**What is expected**
Each line of the data must be given back verbatim, with pictures removed.

**Source material**
• • • •
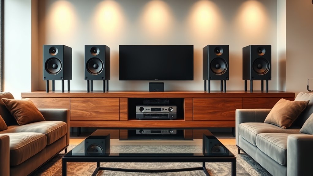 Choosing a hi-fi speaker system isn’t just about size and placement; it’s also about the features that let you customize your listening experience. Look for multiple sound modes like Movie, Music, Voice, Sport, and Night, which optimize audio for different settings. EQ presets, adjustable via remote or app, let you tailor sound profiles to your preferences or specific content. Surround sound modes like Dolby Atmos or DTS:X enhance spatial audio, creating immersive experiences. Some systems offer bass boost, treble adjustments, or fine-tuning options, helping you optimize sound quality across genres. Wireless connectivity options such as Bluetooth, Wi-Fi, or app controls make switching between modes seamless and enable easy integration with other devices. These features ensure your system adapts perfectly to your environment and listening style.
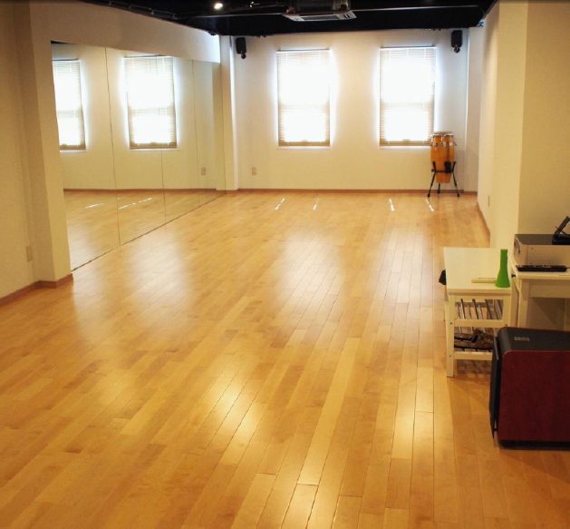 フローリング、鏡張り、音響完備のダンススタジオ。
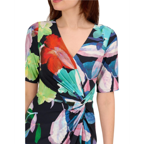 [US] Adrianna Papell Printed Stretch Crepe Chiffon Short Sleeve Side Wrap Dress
• • • •
**Output for this exercise**
 Choosing a hi-fi speaker system isn’t just about size and placement; it’s also about the features that let you customize your listening experience. Look for multiple sound modes like Movie, Music, Voice, Sport, and Night, which optimize audio for different settings. EQ presets, adjustable via remote or app, let you tailor sound profiles to your preferences or specific content. Surround sound modes like Dolby Atmos or DTS:X enhance spatial audio, creating immersive experiences. Some systems offer bass boost, treble adjustments, or fine-tuning options, helping you optimize sound quality across genres. Wireless connectivity options such as Bluetooth, Wi-Fi, or app controls make switching between modes seamless and enable easy integration with other devices. These features ensure your system adapts perfectly to your environment and listening style.
 フローリング、鏡張り、音響完備のダンススタジオ。
 [US] Adrianna Papell Printed Stretch Crepe Chiffon Short Sleeve Side Wrap Dress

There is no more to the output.